No clear explanation has yet been made for their disappearance, but Brazilian president Jair Bolsonaro on Monday said he believed they had been victims of “malice.” The case has drawn global attention to the perils often faced by journalists and environmental activists in Brazil.

Phillips, a veteran journalist who reported extensively on Brazil’s most marginalized groups and on the destruction that criminal actors are wreaking on the Amazon, had traveled with indigenous affairs expert Pereira to research conservation efforts in the remote Javari Valley.

Though formally protected by the government, the wild Javari Valley, like other designated indigenous lands in Brazil, is plagued by illegal mining, logging, hunting and international drug trafficking — which often bring violence in their wake, as perpetrators clash with environmental defenders and indigenous rights activists.

Between 2009 and 2019, more than 300 people were killed in Brazil amid land and resource conflicts in the Amazon, according to Human Rights Watch (HRW), citing figures from the Pastoral Land Commission, a non-profit affiliated with the Catholic Church.

And in 2020, Global Witness ranked Brazil the fourth most-dangerous country for environmental activism, based on documented killings of environmental defenders. Nearly three quarters of such attacks in Brazil took place in the Amazon region, it said.

Indigenous people in Brazil have been the frequent targets of such attacks, as well as suffering campaigns of harassment. In early January, three environmental defenders from the same family who had developed a project to repopulate local water with baby turtles were found dead in Brazil’s northern Pará state. A police investigation is ongoing.

After attending the COP26 climate talks in Scotland last November, the home of environmental and indigenous leader Alessandra Korap was reportedly raided by unknown attackers; another indigenous activist, Txai Suruí, said she was threatened online and in person after her speech in Glasgow.

A long-standing problem

The lure of valuable resources in the forest mean incursions into indigenous lands and violence against those who resist is nothing new in Brazil. But some experts say Bolsonaro’s rhetoric and actions have created a culture of impunity.

Earlier this month, Bolsonaro signed an environmental decree that establishes higher fines for deforestation, illegal logging, burning, fishing and hunting, with the government saying it is “an important step in the environmental law.”

Brazil has unveiled its plan to protect the Amazon. Critics say it's not enough
But in a series of actions since he came into power in 2019, Bolsonaro’s administration has effectively weakened federal environmental agencies, demonized organizations working to preserve the rainforest, and rallied for economic growth on indigenous lands, arguing that it is for indigenous groups’ own welfare.
His rhetoric in particular — with calls to “develop,” “colonize,” and “integrate” the Amazon — has “effectively given a green light” to criminal networks involved in the illegal logging and mining trade, said César Muñoz, a senior Americas researcher at HRW and an expert on environmental defenders in indigenous communities.

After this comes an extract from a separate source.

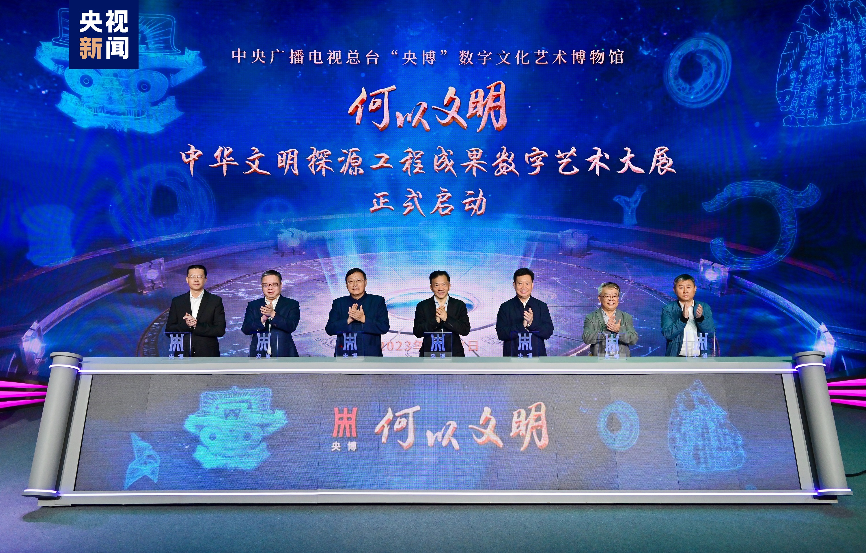 彭健明致辞时表示,启动“何以文明——中华文明探源工程成果数字艺术大展”,是中央广播电视总台深入贯彻落实国家文化数字化战略、推进社会主义文化强国建设的重要创新实践。展览借助沉浸式、数字化的方式,将中华文明起源发展的历程,以及各个时期的历史场景、发明创造等展现出来,让大众更加直观、形象地体验和感受中华五千年历史文化,助推文物艺术更好地走进百姓生活。总台愿与社会各界一起,依托强大的传播平台和丰富的内容资源,沿着中华文明长河流淌的方向,共同对“华夏大地何以中国、中华民族何以伟大、中华文明何以不朽”持续作答。

And although Bolsonaro’s administration has previously deployed the country’s military to defend the Amazon from illegal logging and land clearing, Munoz says the move ultimately sidelined staffers from the country’s environmental agency IBAMA, resulting in the loss of environmental expertise.

IBAMA and the President’s office did not respond to CNN’s requests for comment.

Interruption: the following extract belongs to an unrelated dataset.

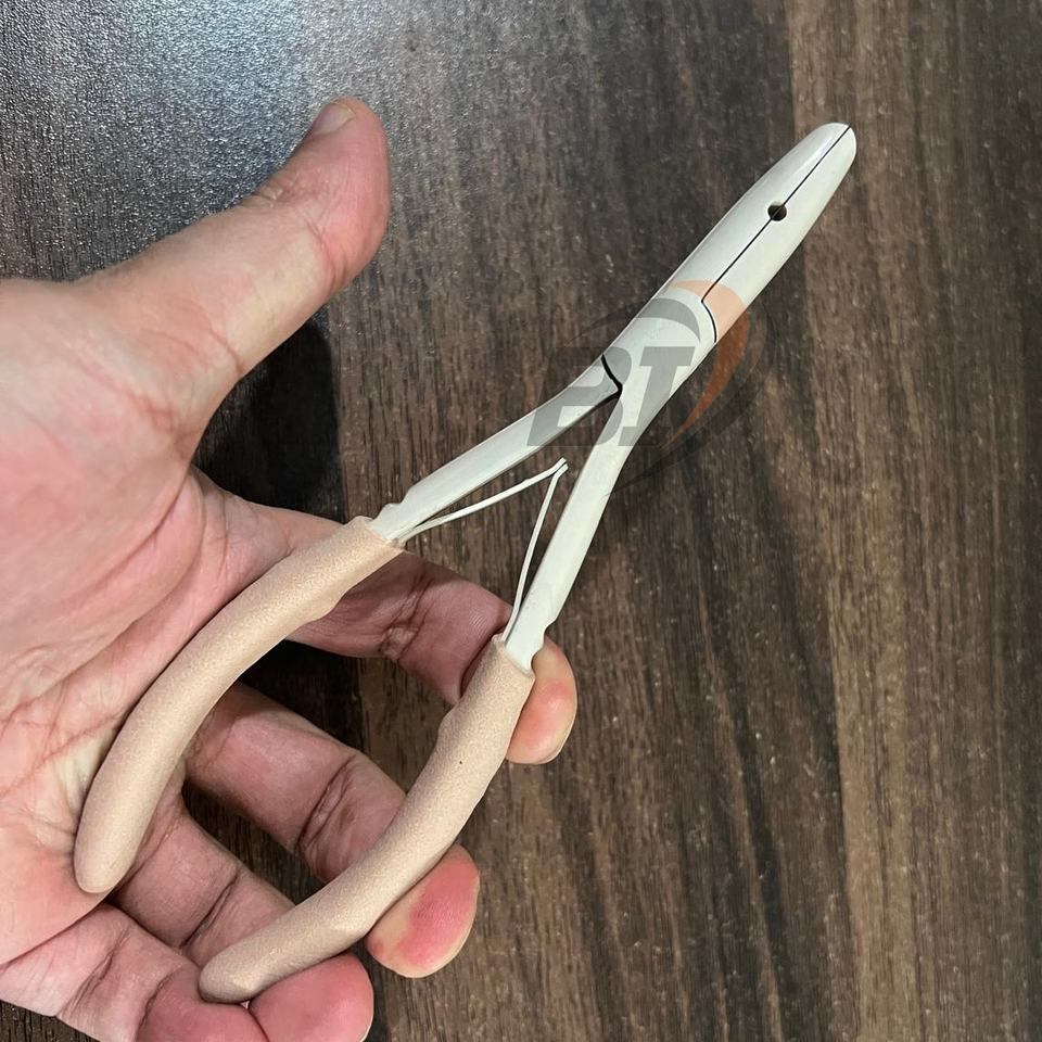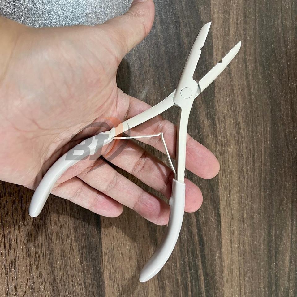 Pinzas Profesionales para Extensiones de Cabello de Acero Inoxidable con Recubrimiento en Polvo Beige, 1 Orificio, Mango de Agarre para Extensiones de Cabello Humano, Orificio de 3 mm
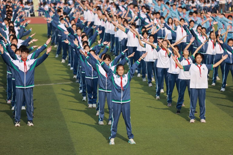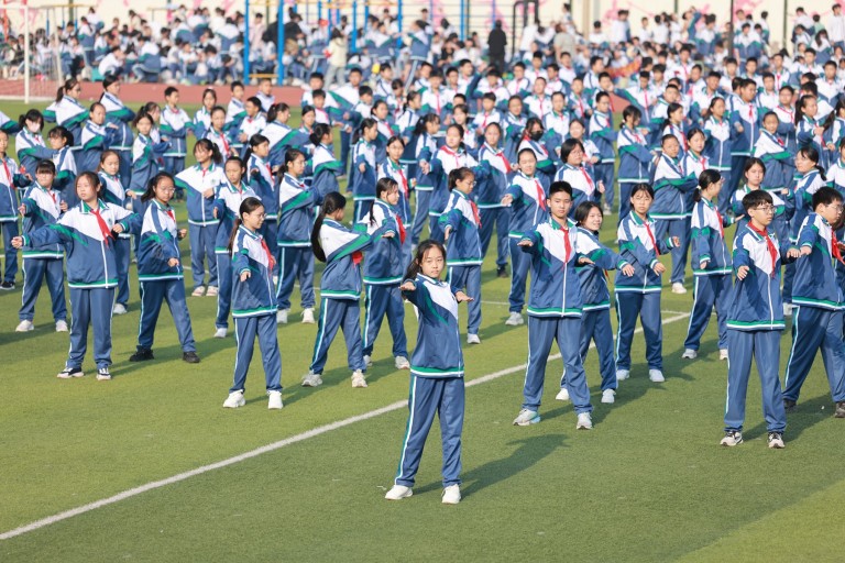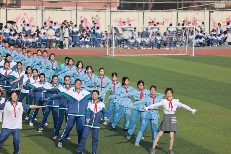 七年级学生代表带来广播体操表演,抬手、踢腿、转身,动作标准整齐,队列变换如行云流水,展现了日常体育锻炼的扎实成果。

Roberto Liebgott, southern region coordinator of Brazil’s indigenous Missionary Council, an indigenous rights advocacy group affiliated with the Catholic Church, points to cultural biases and stereotypes at the root of criminal activity in the Amazon.

At least two narratives are fueling the violence, Liebgott told CNN, “The first is linked to the idea that indigenous people are not subject to rights like other humans, perpetuating the narrative of the ‘savage’ and, as such, can be assaulted, attacked, expelled or killed.”

The second, he said, “is linked to the narrative that indigenous people do not need land and that everything is done for them.”

Crucial tropical forests were destroyed at a rate of 10 soccer fields a minute last year
Bolsonaro’s rhetoric has also been known to advance such stereotypes, claiming in a 2020 video broadcast that indigenous Brazilians are still “evolving.” That same year, he described a long held “dream” to open indigenous reserves to mining.
In contrast, Phillips’ reporting had focused on the threats posed by illegal mining and cattle ranchers to uncontacted indigenous groups, and highlighted efforts that indigenous people were taking to save their environment.

It is one of the many reasons why his and Pereira’s work is so crucial, says Munoz, and why their disappearance is so heart wrenching.